The upper class male citizens are considered to be the prevailing group within the media. The white class has always held a dominant position within society and the media. In an economic standpoint, the upper class male citizens are viewed as having the purchasing power, which as a result influences their dominance even greater. The media then displays information that relates to this dominant class, showing things like American sports, politics and issues affecting the white class society.  For example, the media is very particular about how they portray the upper class male citizens and the white ethnic group in general. The white society has such power and dominance within humanity, that to a sense, the media in then shaped and conveyed to accommodate this white society.  The minority groups are generally displayed as being the provoker and the aggressor within the media. It is very uncommon for a minority ethnic group to be portrayed in a positive or heroic sense. This is not to say that they are never displayed in any other way, but considering what we mostly see within the media, whether it is intentional or not, minorities are clearly not the dominant group when it comes to positive headlines.
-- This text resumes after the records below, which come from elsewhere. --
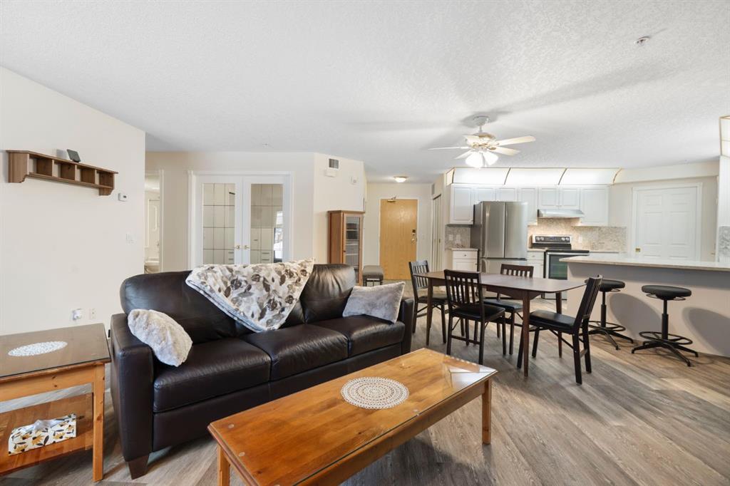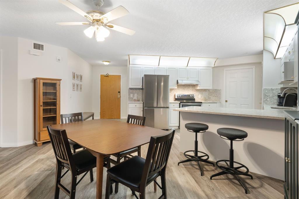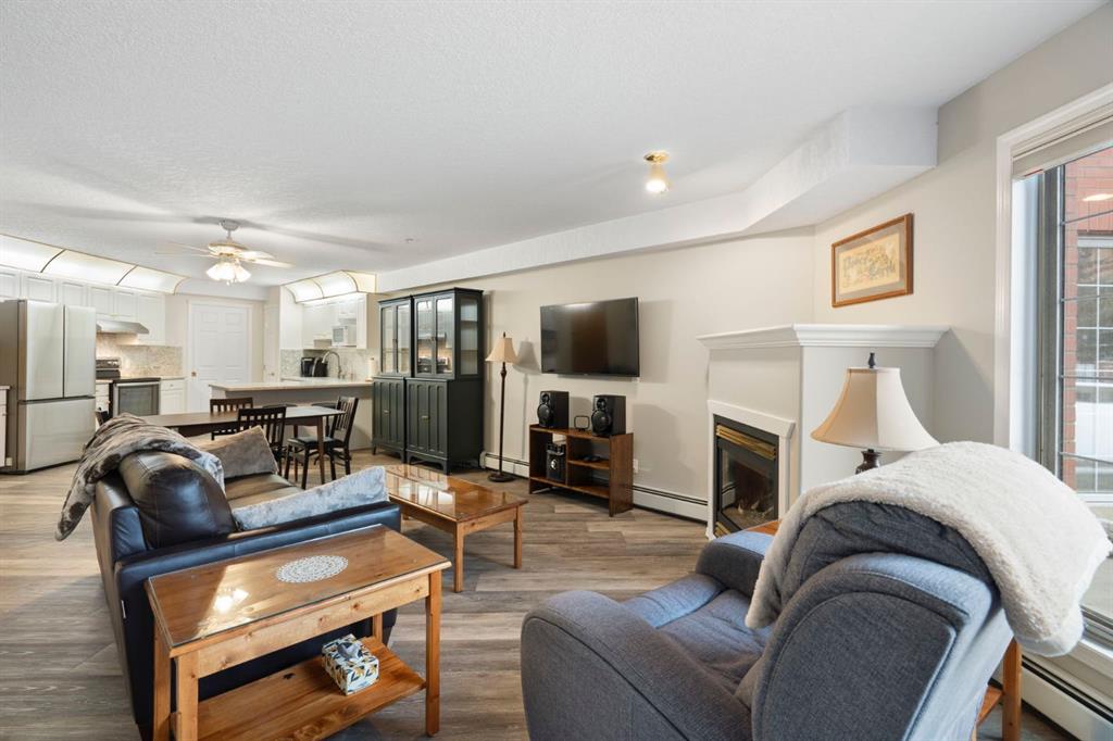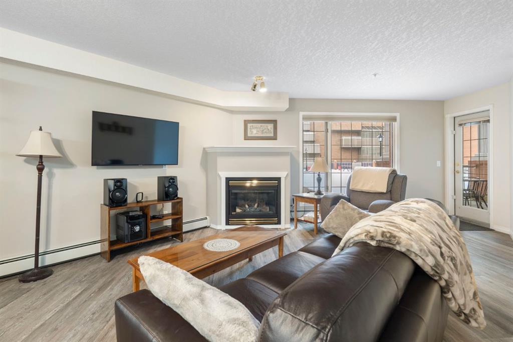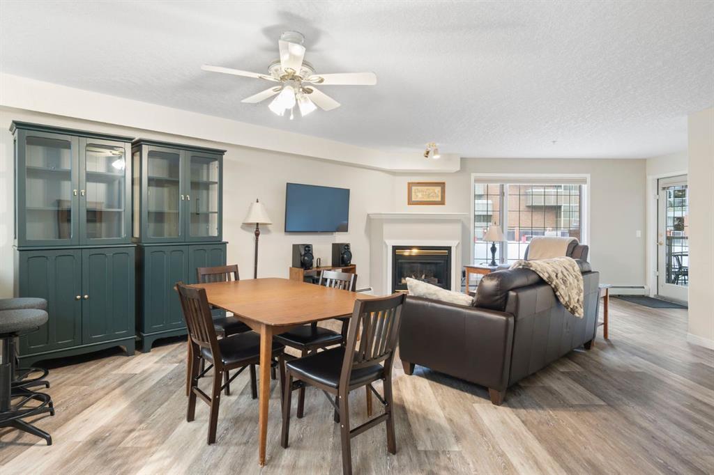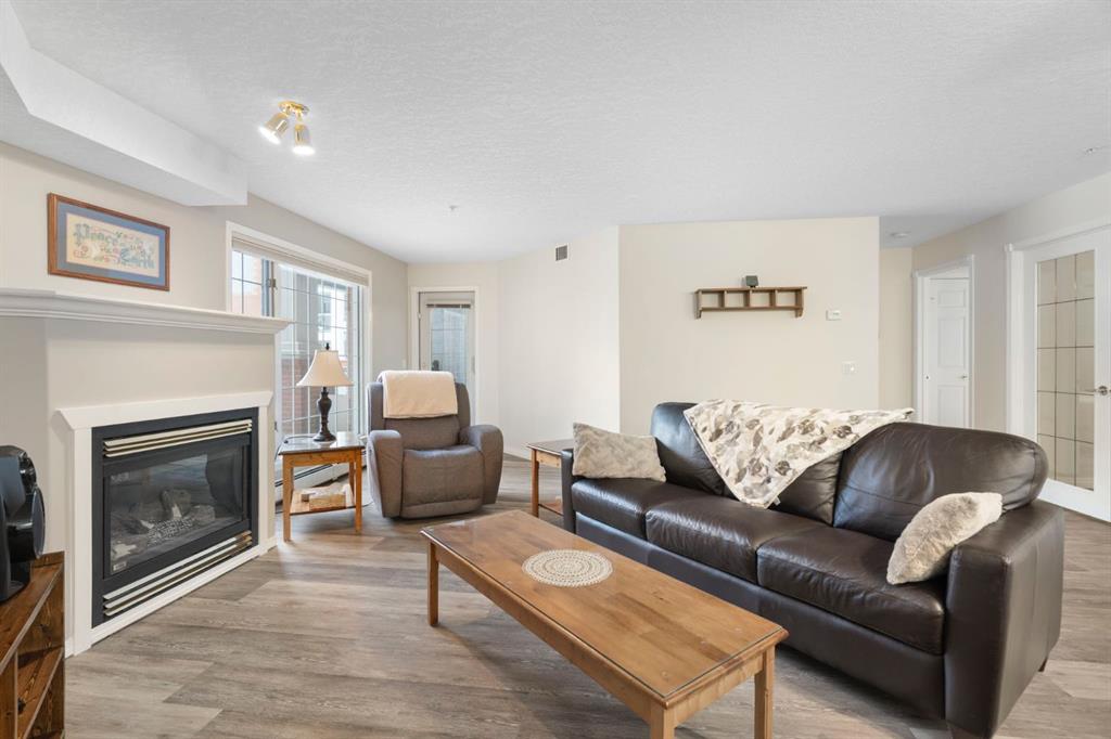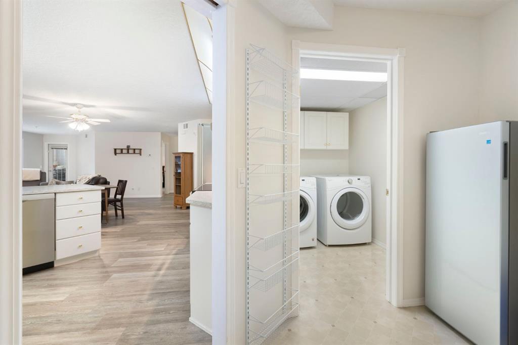 Located in one of the most desirable 55+ complexes the south has to offer, this amenities-loaded building provides a unique lifestyle that you'll be sure to enjoy... welcome to Sierra's of Heritage. This unit offers 2 bedrooms, 2 bathrooms, 2 parking stalls, an out-of-unit storage locker, a full-sized kitchen, direct access to the west-facing courtyard, and upgrades throughout! This complex conveniently INCLUDES ALL UTILITIES in the condo fee as well as the cost of all your luxurious amenities. At the entrance, you're welcomed with updated paint (2024) on the walls, ceiling, baseboards, and trim, vinyl flooring, a front closet, and a spacious open-floor concept. The large kitchen has been upgraded with newer appliances (2024) and newer quartz countertops with a matching quartz backsplash (2024). With plenty of cabinetry and a generous pantry, you'll be able to bring all your cooking appliances with you for this transition. Some of the cabinets have also been upgraded with roll-out drawers for easy access and convenience. Walking through your large pantry, you have an additional stand-up freezer and access to your laundry room with a side-by-side washer/dryer. Off the kitchen, you have a dining space that's open to your living room, featuring a gas fireplace and access to your ground-floor patio that has direct access to the west-facing courtyard! With this ground-floor unit, you no longer need to trade your backyard for a balcony; this unit provides the luxury of an outdoor living space that you can walk right onto and enjoy.Off the living space, you have the multi-purpose secondary bedroom or den/office, featuring french doors and a closet. Nearby, you also have an updated 4-piece bathroom and linen closet. The primary bedroom features a west-facing window, enough room for a king-sized bed, and a 4-piece ensuite with a proper walk-in closet. Both toilets have been upgraded to chair height. This unit eliminates the need to compromise. Offering a full-size kitchen, pantry, proper laundry room, courtyard access, and 1,160 sq/ft of living space, this is a great place to call home. The building amenities include a pool, hot tub, gym, library, craft room, theatre room, pool tables, poker table, dart board, car wash, bike storage, and an amazing woodshop.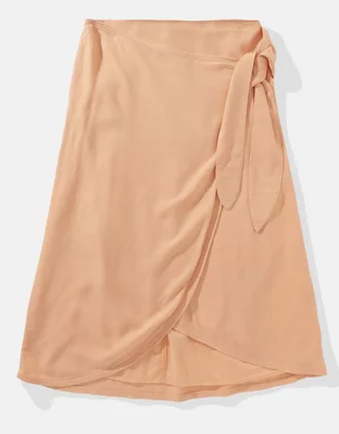 AE Linen-Blend Faux Wrap Midi Skirt
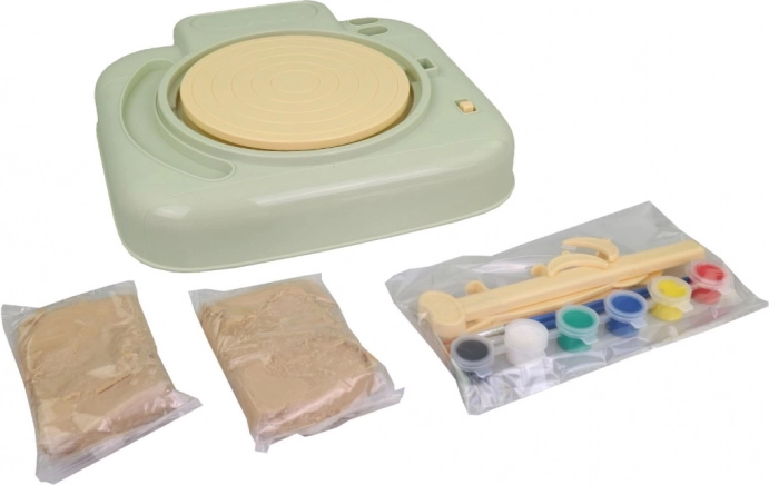 For at drejebænken fungerer korrekt kræves 4 AA-batterier, som ikke medfølger. Dens design og muligheder vækker børns lyst til at skabe og eksperimentere med ler.

Very few Americans actually know how big the African Americans, Native Americans, Hispanics, and Asian Americans minority groups actually are and with the transformations that these groups have already undergone, many individuals believe that minorities no longer exist. However, as Larson states these minority groups are still existent and feel as though they are unfairly and inaccurately portrayed through the media.

Works Cited:

Geo. "Minorities in the Media: Stereotypes And Negativity." Temple Journalism Review. Temple Journalism Review, 26 May 2009. Web. 20 Oct. 2013.

Henderson, Jennifer Jacobs; Baldasty, Gerald J. 2003 “Race, advertising, and prime-time television” Howard Journal of Communications 2(14): 97-112.

Larson, Stephanie Greco. Media & Minorities: The Politics of Race in News and Entertainment. Lanham: Rowman & Littlefield, 2006. Print.

"Minority Group." © Encyclopedia Britannica, Inc.. Encyclopedia Britannica, Inc.. 20 Oct. 2013. < group>.

Monk-Turne, Elizabeth, Mary Heiserman, Crystle Johnson, Vanity Cotton, and Manny Jackson. "The Portrayal of Racial Minorities on Prime Time Television: A Replication of the Mastro and Greenberg Study a Decade Later." Editorial. Studies In Popular Culture. N.p., Spring 2010. Web. 7 Oct. 2013.

Pollard, Kelvin M., and William P. O'Hare. "Population Bulletin." PopulationBullAmericaRace&Ethnic. Population Bulletin, 3 Nov. 1999. Web. 20 Sept. 2013.